4. Passion for what they do
Great athletes love what they do which is key for overcoming challenges. Paralympic swimming superstar, Ellie Cole, who sat on the November Women in Business panel, admitted in a post Rio interview in the Sydney Morning Herald that passion for her swimming is vital as she invests so much time to it. Currently training in Castle Hill, Ellie has fought cancer, shoulder reconstructions and self-doubt to achieve 15 medals from three consecutive Paralympics campaigns – including six from Rio. People can be smarter, faster, more connected and more talented than you in the office, but if they lack the passion, you’ll go further towards achieving your goals.
Linda Leverton is a Triple Jump powerhouse who had a business plan prepared before she’d even left school. At the November Women in Business Lunch of Champions, Linda spoke about how she had already founded and franchised 11 personal training studios in Brisbane by the age of 21. The former Telstra Young Business Woman of the Year nominee now lives in Melbourne where she has successfully established three gyms in 12 months.
6. Goal setting
Alisa Camplin has a goal setting chart that she has used in her sporting and business endeavours to keep her on target. Using the chart, Alisa mapped out her objectives to achieve gold in the 2002 Winter Olympics for aerial skiing – a sport she had never even tried. Documenting not only the goal itself, but the steps needed to achieve it keeps you on track and accountable.
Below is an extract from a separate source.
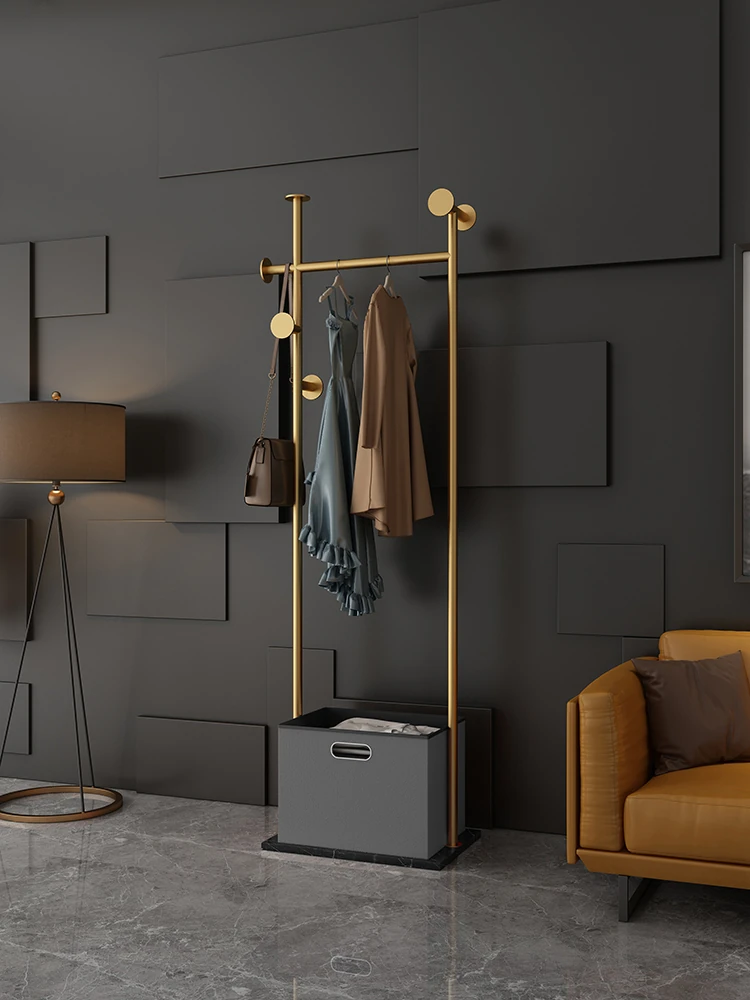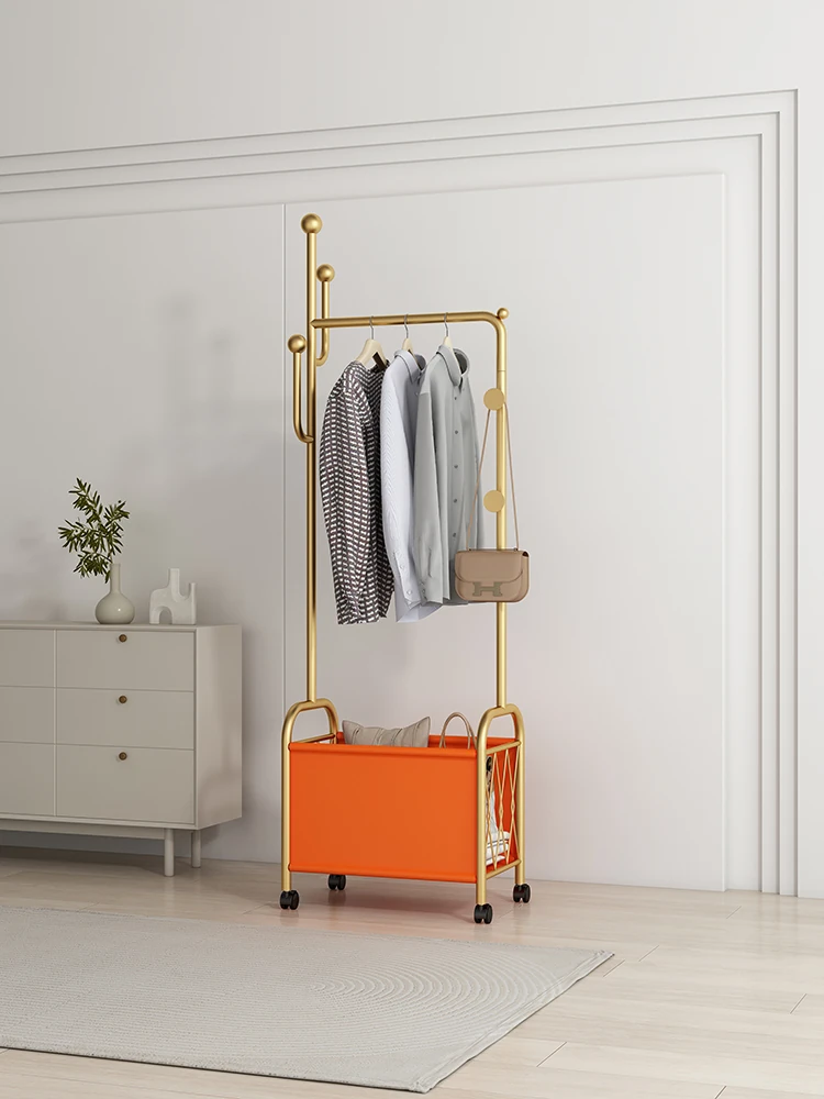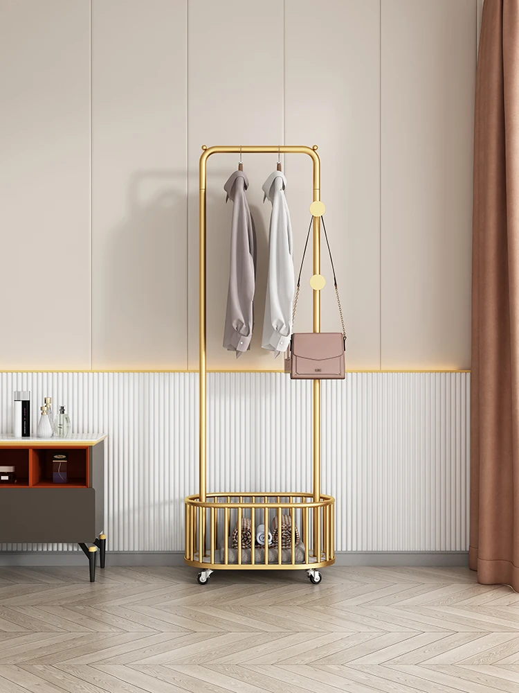 イタリアンラグジュアリーのフロアコートハンガー - 寝室やベッドサイドに最適!夜のお洋服や小物を美しく収納できる、便利なランドリーバスケット付きのスタイリッシュなアイテム。お部屋をおしゃれに演出します!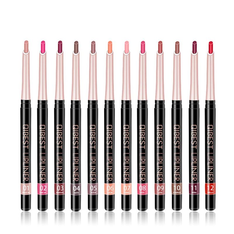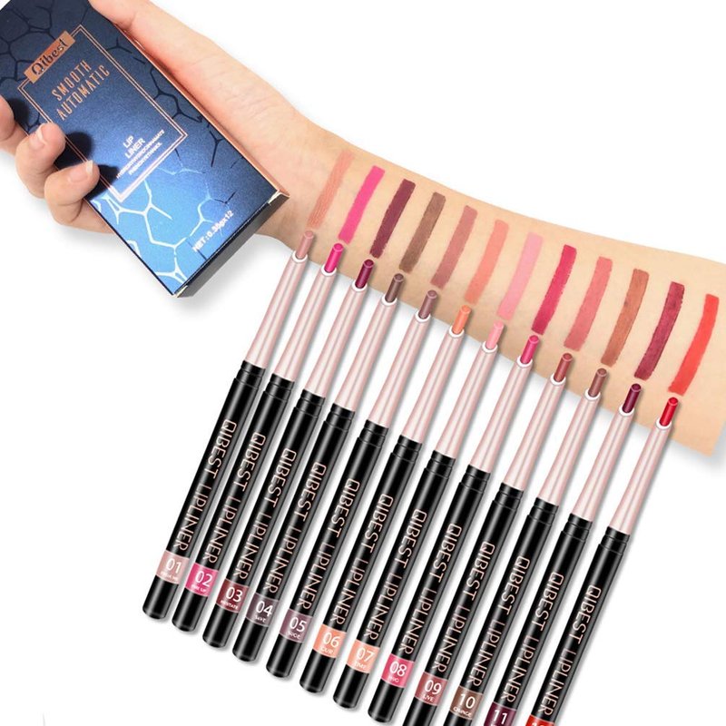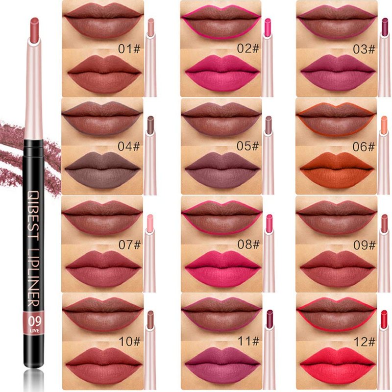 QiBest 12 Colors Lip Liner Pencil Waterproof Non-Marking Matt Velvet Lipstick Pen (12Pcs Lot Set)

7. Receptiveness to mentors and coaches
Athletes use experts who can help them to be the best. Swimmer Shelley Taylor-Smith suffered from scoliosis. While recovering from lower body paralysis caused by training, her coach noticed that her swimming improved over distance and suggested she take up marathon swimming. The result? Shelley set new standards in marathon swimming with record seven consecutive world titles - a feat that has never been repeated. The take home lesson? The best athletes listen, are open to new things and take constructive criticism so that they can continually improve – a definite asset in the workplace.
Rio Gold medal Paralympian and Coleman Greig Challenge ambassador, Katie Kelly, was born with Usher Syndrome, a degenerative disease that led to her being diagnosed as legally blind in 2015. Keen to continue with her love of competing, Katie moved into paratriathlon events. Not only did she win every single race she contended in at the elite International Triathlete Union level, she ended her season by becoming the 2015 world champion for the PT5 sport class. Outside of her training schedule, Katie is a talented Marketing Manager, a charity ambassador and a Board Member of Deaf Sports Australia.
9. Ability to see the big picture
Athletes are trained to see the bigger vision of all that goes into making them successful in both the short and long-term. Importantly, athletes can see the value and benefit in transitioning their skills to the workplace and wider community. Coleman Greig Challenge ambassador and Rio Olympian, Michelle Jenneke, knows the value of looking at the bigger picture – combining studies in mechatronic engineering with her training schedule.
Victory – whether it be on the sporting field or with a project – never comes down to one person. Athletes recognise the importance of a shared vision, nurturing everyone’s talents, working with different personalities and communicating effectively to develop a stronger team.
Liz Ellis, one of Australia’s greatest netballers, spoke at a Women in Business event about how skills in team building, and setting and achieving realistic strategies as both a team and as an individual in netball helped to shape her future and her career.